Advertisement

If you have an ACS member number, please enter it here so we can link this account to your membership. (optional)

ACS values your privacy. By submitting your information, you are gaining access to C&EN and subscribing to our weekly newsletter. We use the information you provide to make your reading experience better, and we will never sell your data to third party members.

ENJOY UNLIMITED ACCES TO C&EN

Safety

Tobacco Turmoil

FDA takes first steps to identify hazards in tobacco products and smoke

by Britt E. Erickson
June 28, 2010 | A version of this story appeared in Volume 88, Issue 26

SMOKING MACHINE
[+]Enlarge
Credit: CDC
A CDC scientist loads cigarettes into a machine that condenses and collects chemicals in smoke for analysis.
Credit: CDC
A CDC scientist loads cigarettes into a machine that condenses and collects chemicals in smoke for analysis.

With each puff of a cigarette, a smoker inhales more than 5,000 chemicals.
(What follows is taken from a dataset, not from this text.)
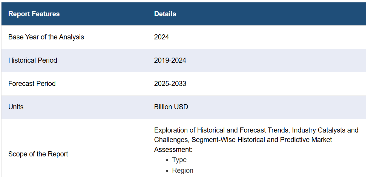IMARC 그룹은 시장 각 부문의 주요 동향 분석과 함께 2025-2033년 국가별 전망을 제공합니다. 본 보고서는 유형별 시장 분류를 제시합니다.

And smokeless tobacco is thought to contain even more compounds. It is now up to the Food & Drug Administration to decide which of those chemicals are unsafe for human health.

As part of the Family Smoking Prevention & Tobacco Control Act, which was signed into law last year, FDA is required to develop a list of harmful or potentially harmful constituents in tobacco products and smoke by June 22, 2011. Tobacco manufacturers will then have one year to provide the agency with the quantities of each of those chemicals in their products, including smokeless tobacco, as well as in cigarette smoke. By June 22, 2012, FDA must make the information public so that consumers can compare the quantities of dangerous ingredients in one brand with those in another.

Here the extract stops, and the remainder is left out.